South Africa’s high court orders former president Zuma back to jail

JOHANNESBURG (Reuters) -South Africa’s high court ordered former President Jacob Zuma to return to jail, after setting aside an earlier decision to release him on medical parole, a court judgment showed on Wednesday.

The 79-year old began medical parole in September, and is serving a 15-month sentence for contempt of court, after he ignored instructions to participate in a corruption inquiry.

In the same month, South Africa’s top court dismissed a bid by Zuma to overturn the sentence.

The legal processes against him for alleged corruption during his nine-year reign are widely viewed as a test of post-apartheid South Africa’s ability to enforce the rule of law, particularly against powerful, well-connected people.

Zuma handed himself in on July 7 to begin his prison sentence, triggering the worst violence South Africa had seen in years as his angry supporters took to the streets.

The protests widened into looting and an outpouring of anger over the hardship and inequality that persist in South Africa 27 years after the end of apartheid. More than 300 people were killed and thousands of businesses were pillaged and razed.
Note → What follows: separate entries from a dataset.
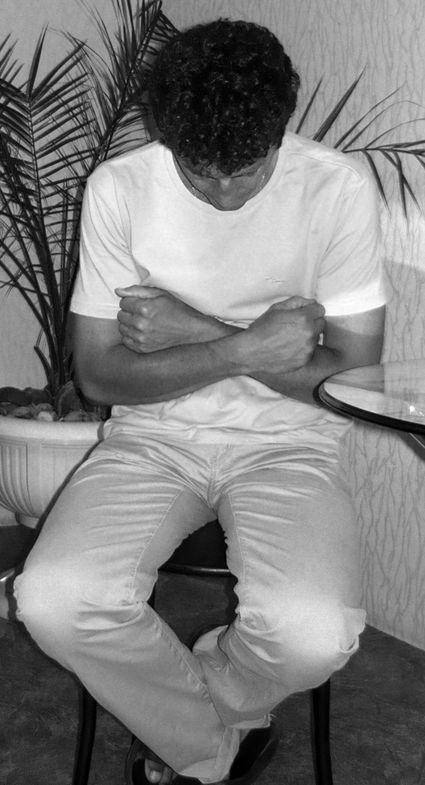 Исходное положение: сидя за столом в удобном положении – слегка сжатые в кулак руки прижаты к столу, локти разведены в стороны. Ноги прижаты к полу. Расслабить плечи, предплечья, локти, кисти (рис. 1.25).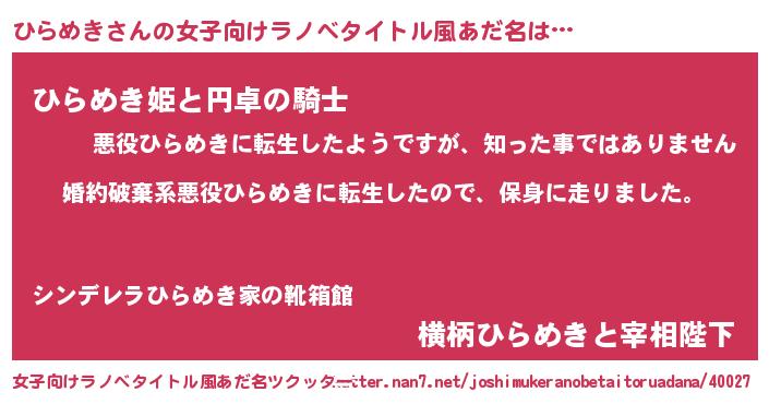 | ファンタジー風あだ名 | 『ユリヒラヴァット』『ヒラフェル』 |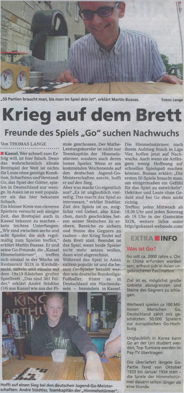 Der Extratip schreibt über die Nachwuchssorgen der Kasseler Go-Spieler am 21. Juni 2011: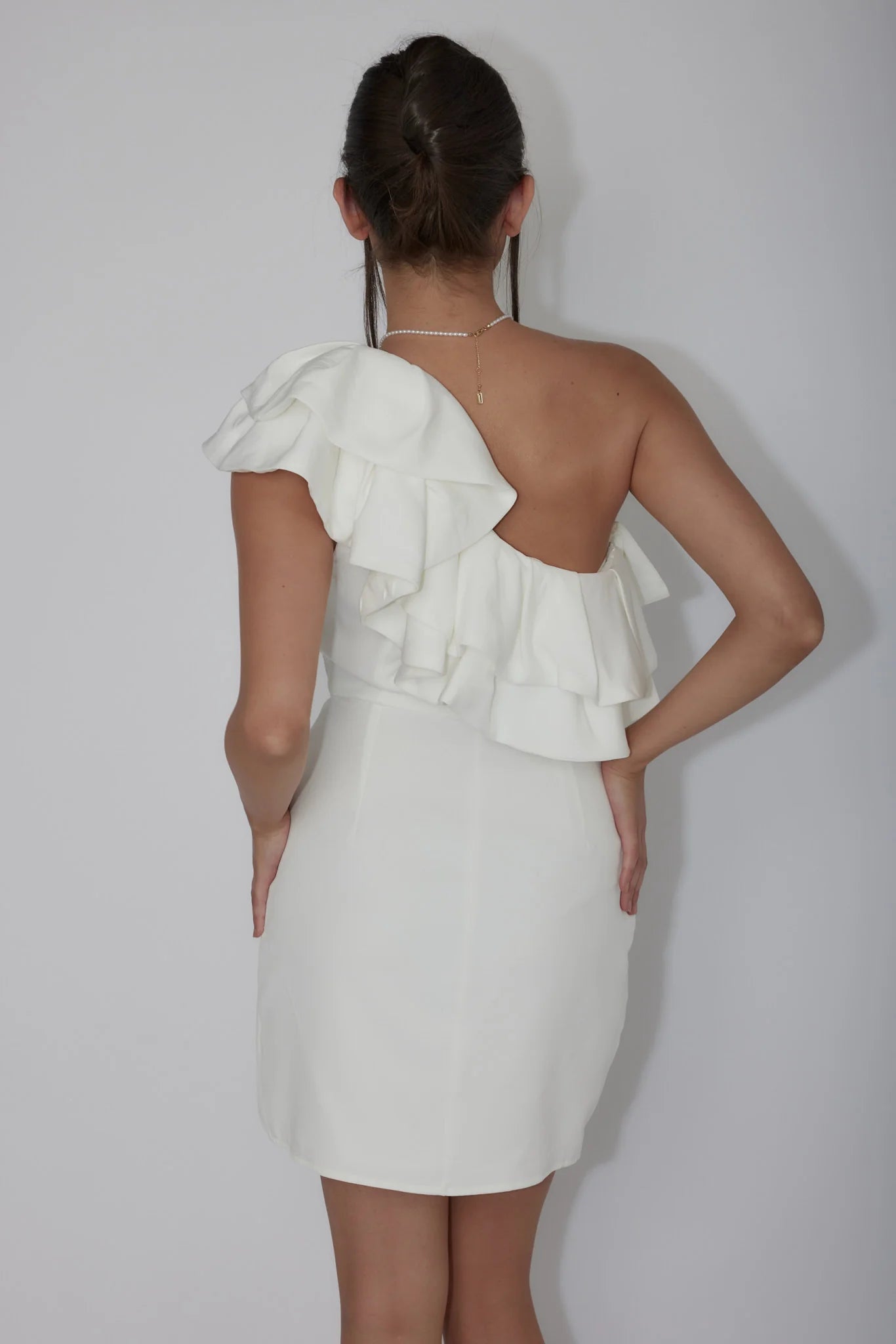 You will sweep them off their feet in our gorgeous Midnight Star mini dress. Featuring a one-shoulder style and ruffle trim. It's perfect for a bridal shower or birthday celebration. Team it with strappy, white heels and a clutch for an unforgettable look.

Zuma’s legal team are appealing the latest court ruling, as is the country’s prisons department.

“The judgment is clearly wrong & there are strong prospects that a higher court will come to a totally different conclusion,” Zuma’s charitable foundation wrote on Twitter.
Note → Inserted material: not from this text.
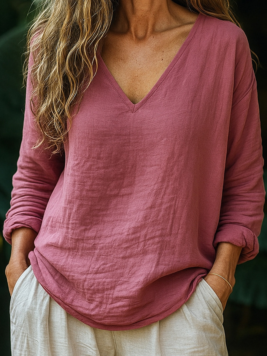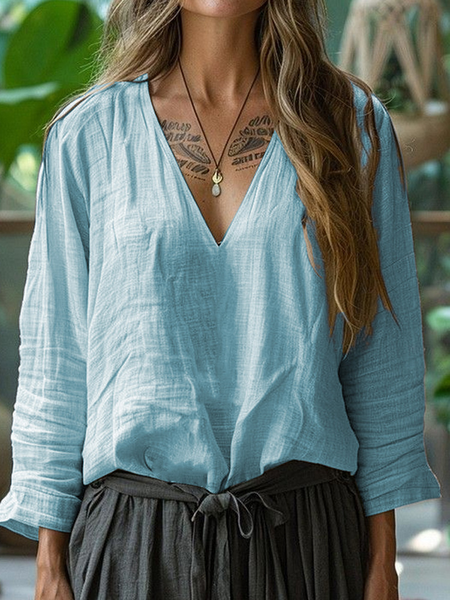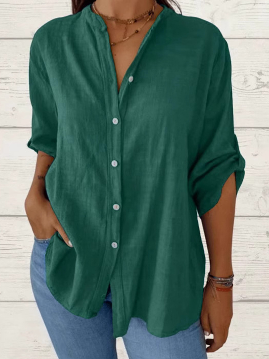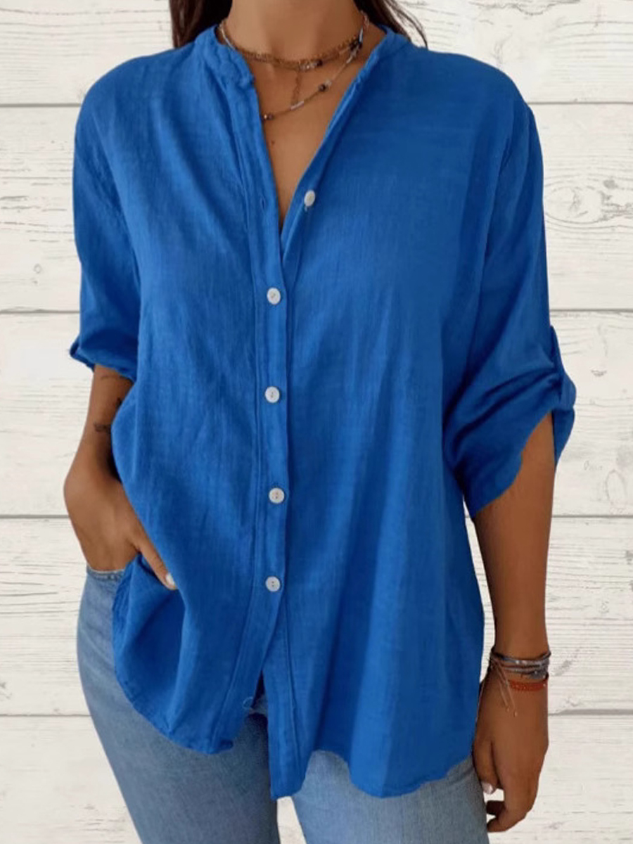 Camisa simple de lino con cuello en V de color sólido para mujer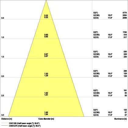 De lichtopbrengst en de gradenbundel spelen een grote rol. Zo geeft de lichtopbrengst van 640 Lumen in combinatie met de 36° stralingshoek deze inbouwspot een specifieke toepassing. Kort samengevat is een lichtintensiteit van maximaal 400 Lumen ideaal voor accentverlichting, terwijl hogere waardes goed gebruikt kunnen worden als basisverlichting. Over het algemeen geldt: hoe breder de gradenbundel, hoe geschikter deze is door basisverlichting. Dit komt doordat het licht over een groter oppervlak wordt verspreid. Smallere gradenbundels (tot 40°) kunnen echter bij hoge plafonds ook goed tot hun recht komen als algemene verlichting.

The Department of Correctional Services said in a statement that it would elaborate on its grounds for appeal at a later date.
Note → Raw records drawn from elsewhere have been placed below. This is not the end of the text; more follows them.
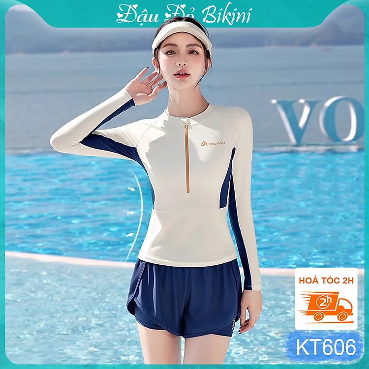 Set Đồ Bơi Nữ Dài Tay Chống Nắng UV Đa Năng, Áo Bơi Khóa Kéo Trước Vải Co Giãn Cao & Quần Đùi Bơi 2 Lớp Nhanh Khô, Thời Trang Trẻ Trung, Dễ Mặc | KT606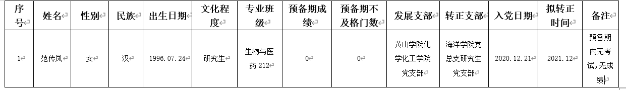经海洋学院党总支研究生党支部研究,拟将范传凤同志转为中共正式党员,现将其有关情况予以公示。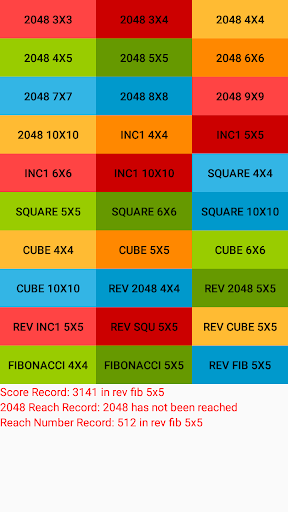 • Multiple 2048 games modes: classic mode, ,increment 1, cube square, Fibonacci mode, reverse increment, reverse classic, reverse cube, reverse Fibonacci.

Zuma’s presidency between 2009-2018 was marred by widespread allegations of graft and wrongdoing, and he faces a separate corruption trial linked to his sacking as deputy president in 2005 when he was implicated in a $2 billion government arms deal.

That trial against Zuma, which has been held up for many years, on multiple charges including corruption, racketeering and money laundering, is expected to continue next year.

He denies wrongdoing in all cases and say he is the victim of a political witchhunt meant to marginalise his faction within the ruling African National Congress. The party said only that it noted the judgment.